Task item. Everything in the records below goes into the copy exactly, except the pictures.

· · · ·

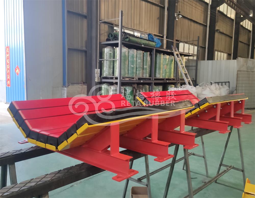 瑞塔橡膠輸送機落料點耐磨緩沖床發(fā)貨
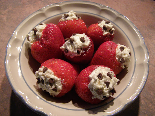 Pipe or use knife to fill cavity of strawberry with cream cheese mixture. Top with mini chocolate chips and chill for a minimum of
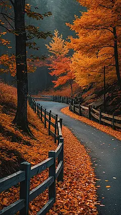 Just look at this path! It’s absolutely drowned in the most amazing orange and red leaves, making you want to ditch everything and just go crunch through them all. The trees are practically showing off their autumn wardrobes, and that cool, misty vibe in the background? Chef’s kiss! You could totally pretend you’re on a secret mission down this winding road, guarded by a rustic fence, instead of, you know, just scrolling through your feed. It’s so gorgeous, it might even convince you that fall *isn’t* just a conspiracy by pumpkin spice latte companies.
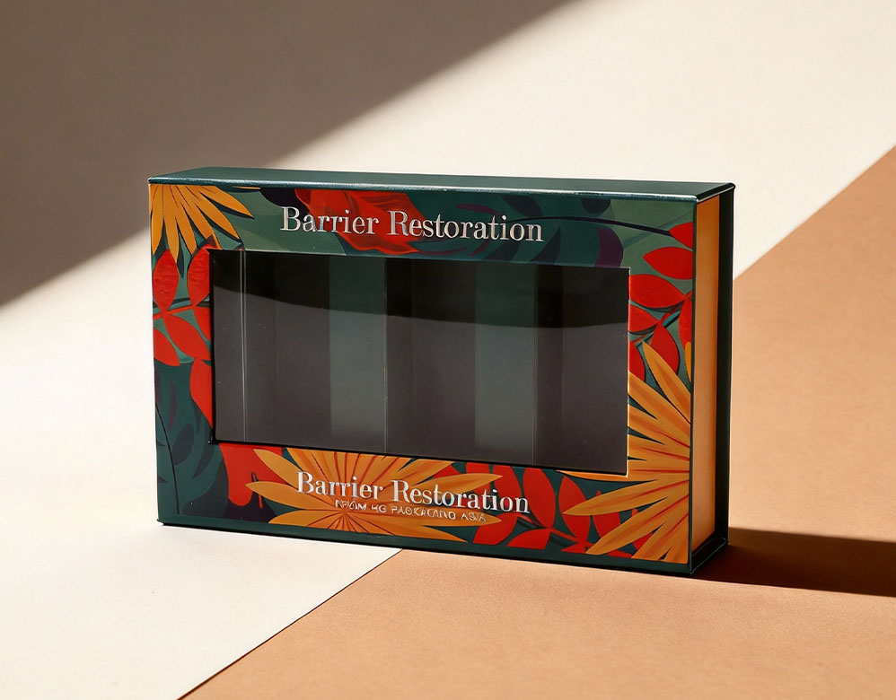 The combination of durable paperboard construction and high-quality printing ensures the packaging enhances brand value while protecting delicate glass bottles during shipping and storage.
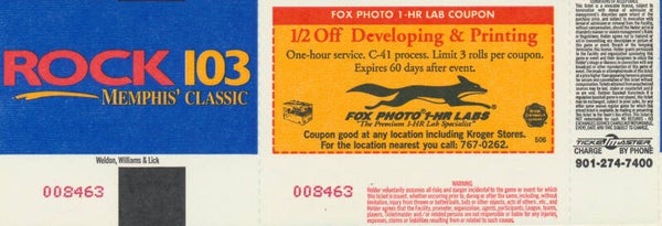[101119] Mud Island Amphitheater, Memphis, August 21, 1992. 14.2x5.0cm. Condition: excellent.
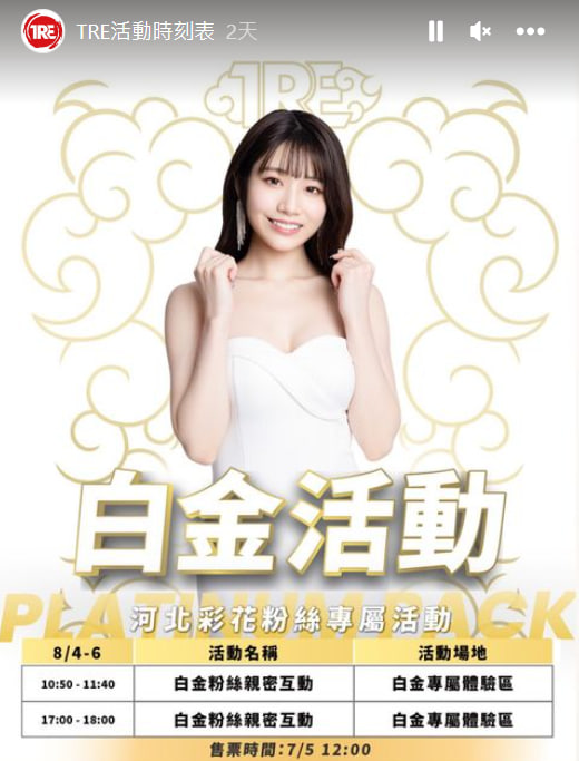 河北彩花本次在台灣成人展的活動官方也提前曝光,8月4日至8月6日三天都會有握手會以及親密互動的活動,握手會的時間是三天的13:10~14:00、15:40~16:30時段,白金會員的專屬活動則是三天的10:50~11:40、17:00~18:00,各為想要一睹SS級女優風采的老司機千萬不要錯過!
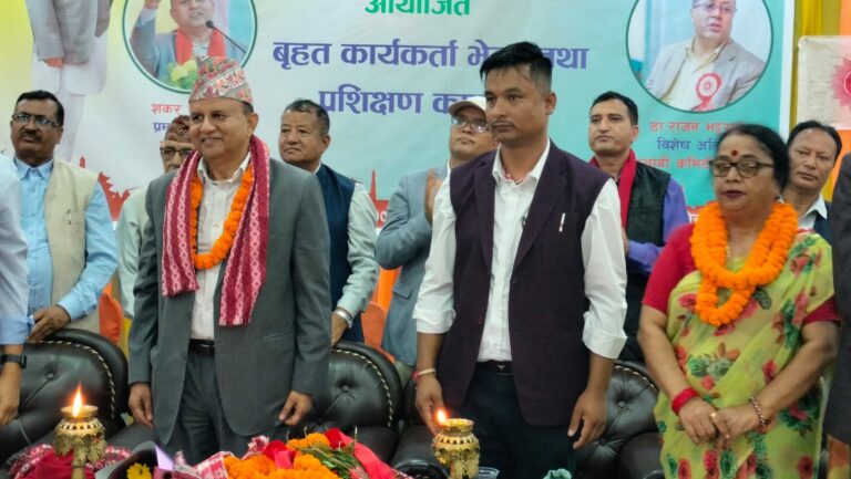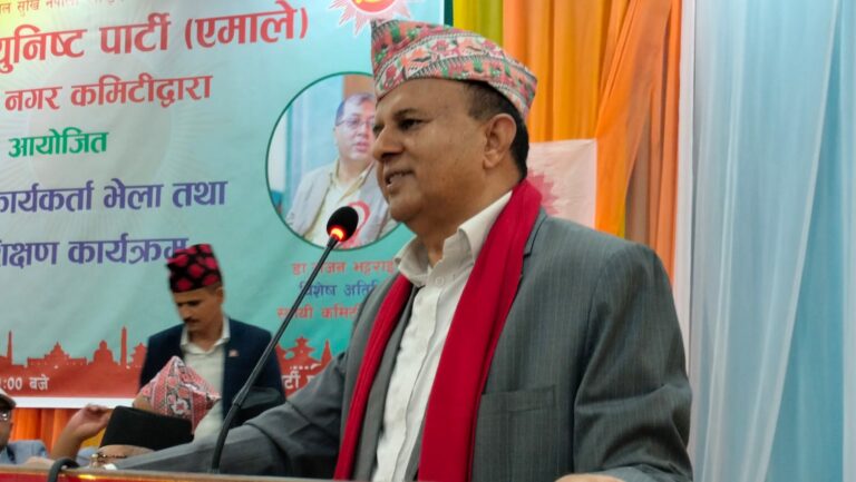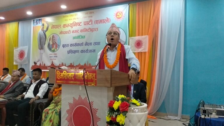 गोदावरी नगर कमिटीद्वारा आयोजित कार्यकर्ता भेला तथा प्रशिक्षण कार्यक्रममा सम्बोधन गर्दै महासचिव पोखरेल, ‘देशमा ओलीको विकल्प छैन। संसदमा दोस्रो ठूलो पार्टी भए पनि जनताको मनमा एमाले नै पहिलो पार्टी हो।’
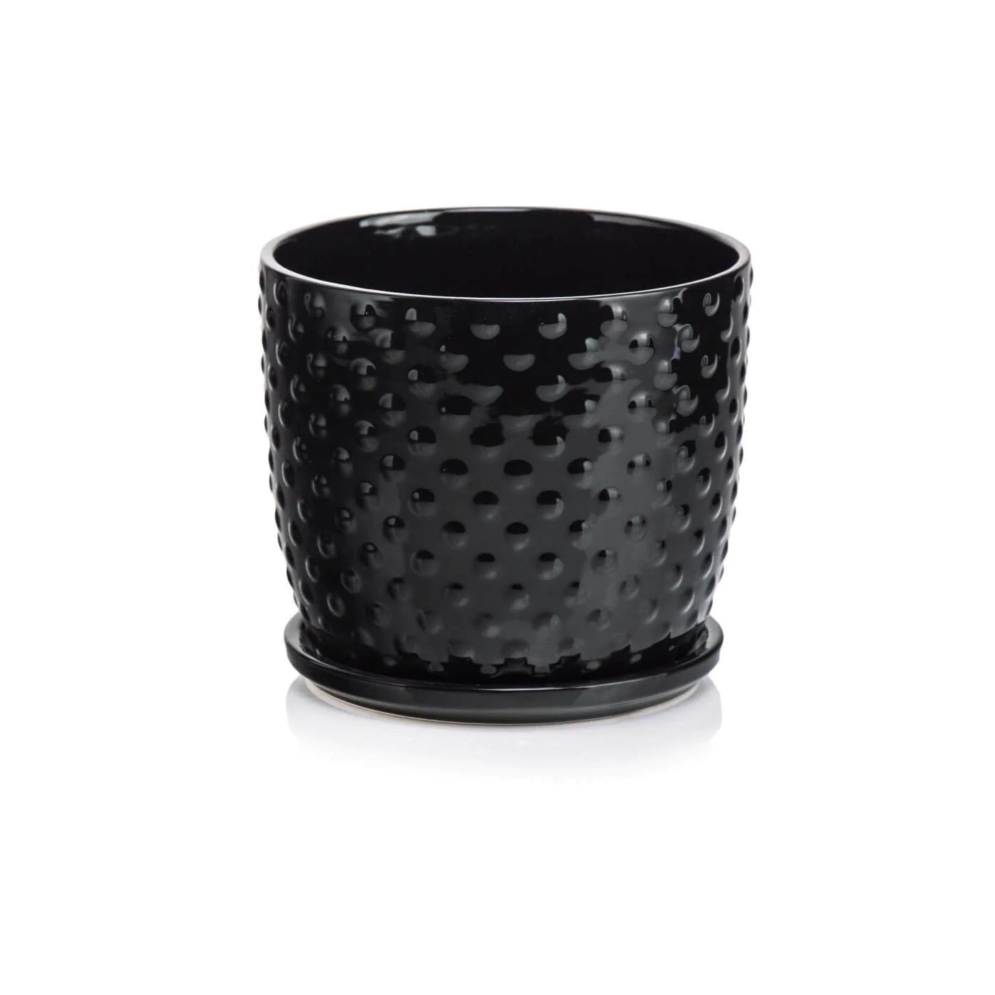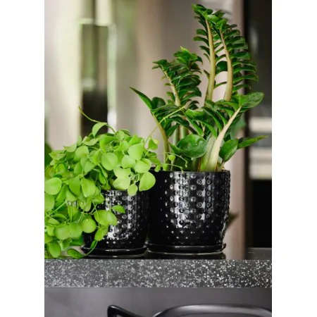 Doniczka czarna z podstawką ceramiczna 15x14 cm
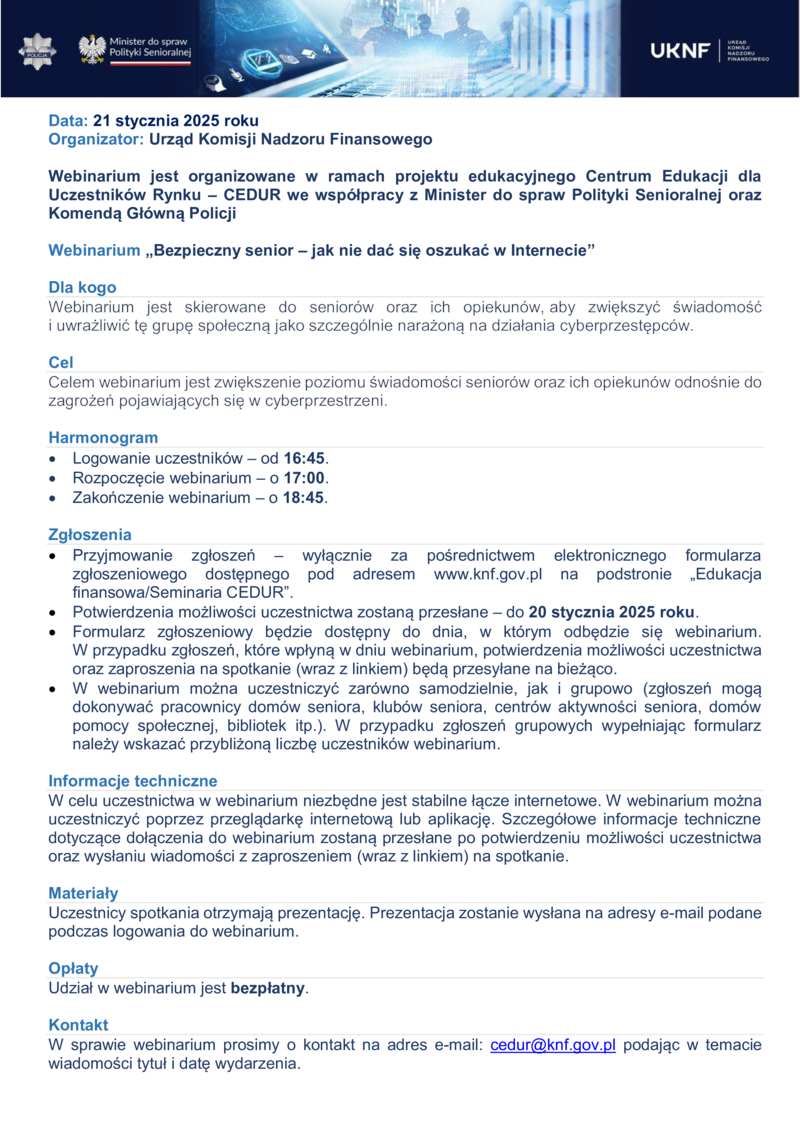 w ramach projektu Centrum Edukacji dla Uczestników Rynku – CEDUR, we współpracy z Minister ds. Polityki Senioralnej oraz Komendą Główną Policji.
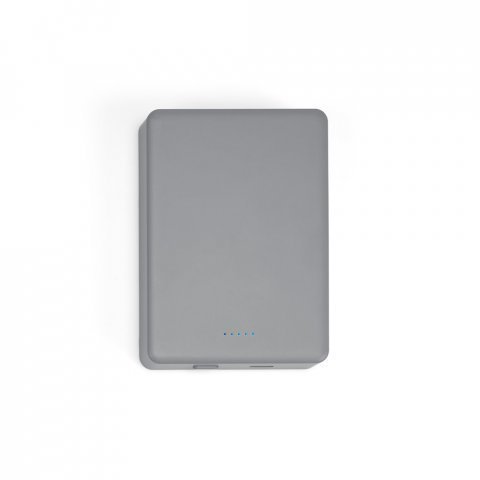 Bateria portátil com carregador por indução em ABS 100% reciclado, acabamento em mate e capacidade de 10.000 mAh Bateria portátil com carregador por indução (wireless) em ABS 100% reciclado e acabamento em mate. A bateria leve em lítio e com design slim, tem uma capacidade de 10.000 mAh e tempo de vida ≥ 300 ciclos. Esta bateria portátil torna-se muito prática para o dia a dia uma vez que permite, através do seu magnetismo, prender atrás dos smartphones ou capas com este sistema. Possui entrada/saída USB-C e potência máxima de 15W para carregamento rápido sem fios. Compatível com smartphones com tecnologia de carregamento sem fios. Incluso cabo USB-C para carregamento rápido. Fornecido em caixa presente de papel kraft reciclado. 90 x 65 x 19 mm | Caixa: 91 x 76 x 23 mm
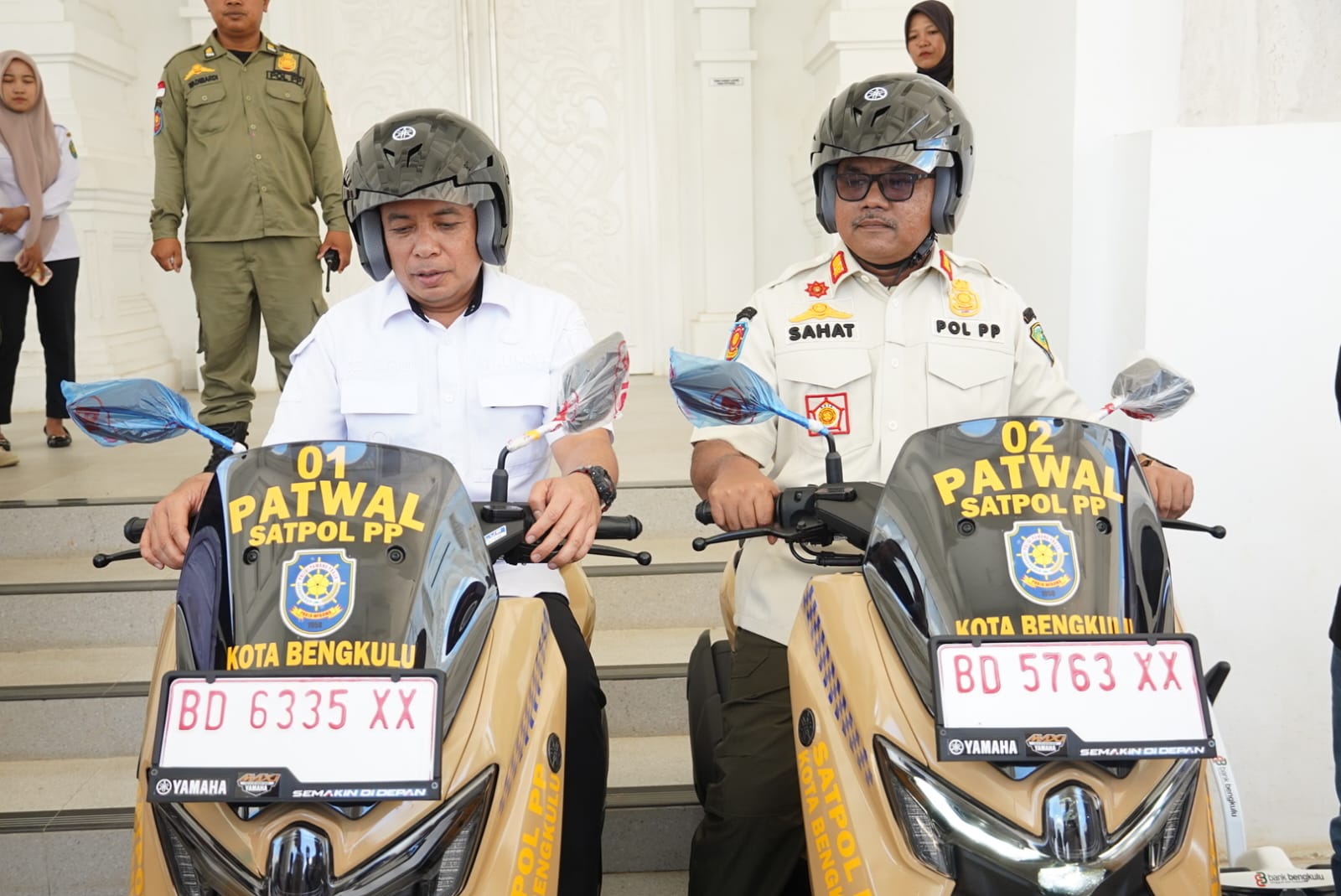 Sebagai bentuk dukungan nyata, Walikota Bengkulu Dedy Wahyudi menyerahkan bantuan alat transportasi operasional untuk personel Satuan Polisi Pamong Praja (Satpol PP), baru-baru ini.

· · · ·

Problem solution.
 瑞塔橡膠輸送機落料點耐磨緩沖床發(fā)貨
 Pipe or use knife to fill cavity of strawberry with cream cheese mixture. Top with mini chocolate chips and chill for a minimum of
 Just look at this path! It’s absolutely drowned in the most amazing orange and red leaves, making you want to ditch everything and just go crunch through them all. The trees are practically showing off their autumn wardrobes, and that cool, misty vibe in the background? Chef’s kiss! You could totally pretend you’re on a secret mission down this winding road, guarded by a rustic fence, instead of, you know, just scrolling through your feed. It’s so gorgeous, it might even convince you that fall *isn’t* just a conspiracy by pumpkin spice latte companies.
 The combination of durable paperboard construction and high-quality printing ensures the packaging enhances brand value while protecting delicate glass bottles during shipping and storage.
[101119] Mud Island Amphitheater, Memphis, August 21, 1992. 14.2x5.0cm. Condition: excellent.
 河北彩花本次在台灣成人展的活動官方也提前曝光,8月4日至8月6日三天都會有握手會以及親密互動的活動,握手會的時間是三天的13:10~14:00、15:40~16:30時段,白金會員的專屬活動則是三天的10:50~11:40、17:00~18:00,各為想要一睹SS級女優風采的老司機千萬不要錯過!
 गोदावरी नगर कमिटीद्वारा आयोजित कार्यकर्ता भेला तथा प्रशिक्षण कार्यक्रममा सम्बोधन गर्दै महासचिव पोखरेल, ‘देशमा ओलीको विकल्प छैन। संसदमा दोस्रो ठूलो पार्टी भए पनि जनताको मनमा एमाले नै पहिलो पार्टी हो।’
 Doniczka czarna z podstawką ceramiczna 15x14 cm
 w ramach projektu Centrum Edukacji dla Uczestników Rynku – CEDUR, we współpracy z Minister ds. Polityki Senioralnej oraz Komendą Główną Policji.
 Bateria portátil com carregador por indução em ABS 100% reciclado, acabamento em mate e capacidade de 10.000 mAh Bateria portátil com carregador por indução (wireless) em ABS 100% reciclado e acabamento em mate. A bateria leve em lítio e com design slim, tem uma capacidade de 10.000 mAh e tempo de vida ≥ 300 ciclos. Esta bateria portátil torna-se muito prática para o dia a dia uma vez que permite, através do seu magnetismo, prender atrás dos smartphones ou capas com este sistema. Possui entrada/saída USB-C e potência máxima de 15W para carregamento rápido sem fios. Compatível com smartphones com tecnologia de carregamento sem fios. Incluso cabo USB-C para carregamento rápido. Fornecido em caixa presente de papel kraft reciclado. 90 x 65 x 19 mm | Caixa: 91 x 76 x 23 mm
 Sebagai bentuk dukungan nyata, Walikota Bengkulu Dedy Wahyudi menyerahkan bantuan alat transportasi operasional untuk personel Satuan Polisi Pamong Praja (Satpol PP), baru-baru ini.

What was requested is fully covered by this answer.